The happiness lasted about six minutes. That is when I hit the worst brush I have encountered since that epic climb on Mt Kintla back in 1996. That time the slide alders were so tight they locked you in, tore away every square inch of exposed skin, and I fell off a hidden dry waterfall and almost broke my leg. This was on par if not a little worse than that experience.
To add to the misery was the heat. And now I couldn’t move fast enough to keep the bugs at bay.

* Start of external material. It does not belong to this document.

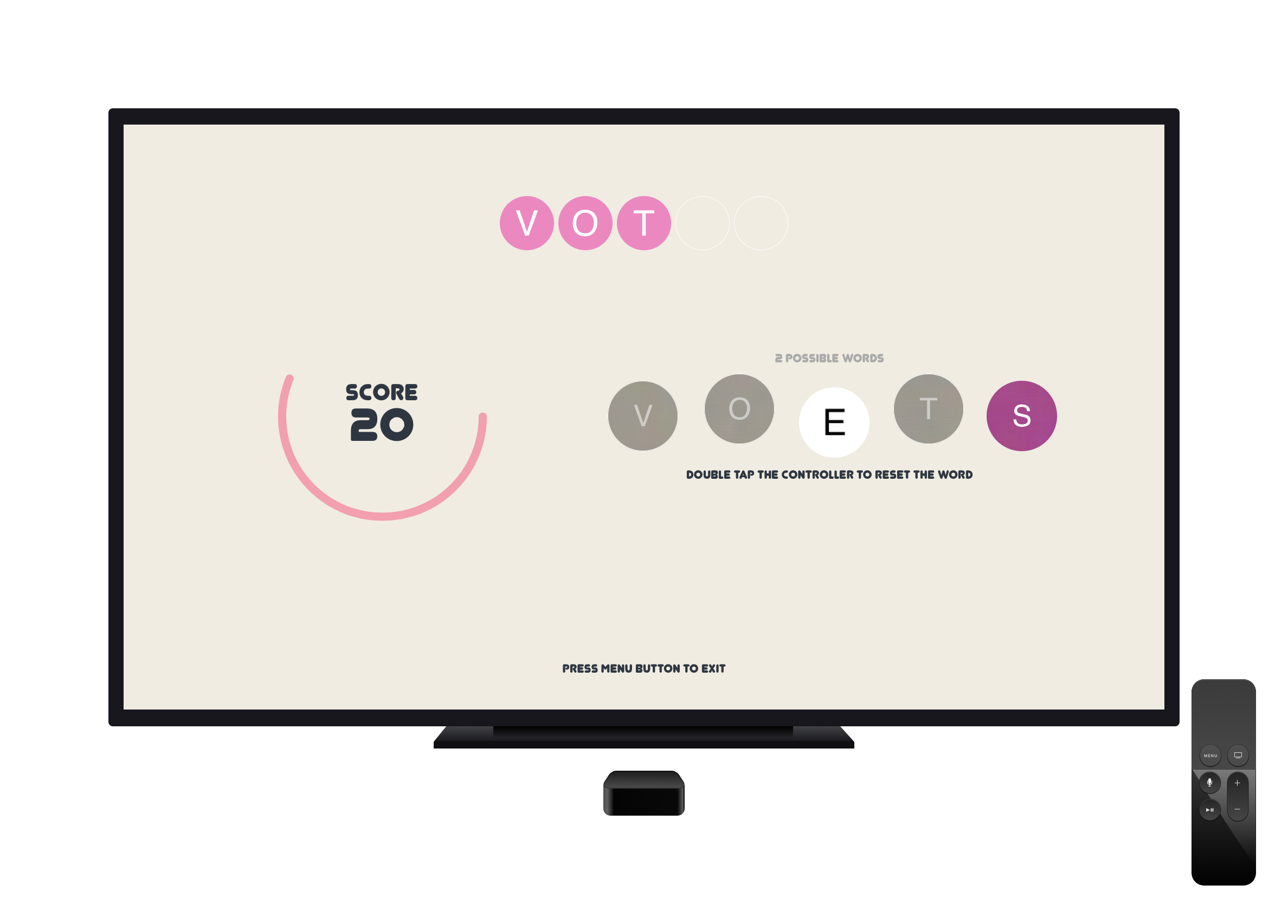 "FIVVY WORDS" is an amazing funny and simple letter puzzle app for your Apple TV! It's a game which challenges your mental abilities to arrange the letter salad. "FIVVY WORDS" letter puzzle is optimized for fast and lateral thinker... Prove yourself as a living encyclopedia and with already supported game center implementation challenge yourself with the rest of the world!

As a bonus, the brush pulled the safety off my bear spray can. Only a little puff got out, just enough to make my eyes water some and have me thrash thru the forest like a blind Tasmanian devil for about twenty minutes or so. I didn’t need any bear bells, as the steady stream of loud profanities spewing forth from my thirst-chapped lips would have certainly scared off any living creature within a two-mile radius.
In the end, I fell onto the main trail, and from there had another arduous and soul-searching two hours of boot pounding back to the truck. All the time trying to keep the black flies from laying eggs in the festering open wounds the brush had left in my legs and arms. I knew I was getting close to the trailhead when I passed a group of young women walking to the lake with coffee cups for the sunset, all wearing Lululemon yoga pants. And they smelled like Bounce fabric softener.
No more climbing drainages around Rising Wolf or in the Two Medicine Valley for me. My curiosity about alternative off-trail routes has been satisfied. Although a wonderful day to look back on, with pictures that say a thousand words, I was just tired. Time to go home. Dave out.
Oh, and did I mention another climber died climbing Rising Wolf the same day I was there? I remember seeing a rescue helicopter in the late morning just before reaching the summit.
Your making my trek to the mailbox seem insignificant but the challenge presented by bears in my neighborhood is real:)
https://www.q13fox.com/news/black-bear-killed-after-attacking-jogger-near-lake-whatcom
I know you are really experienced and careful, but you are lucky to be alive after that adventure! Stay safe.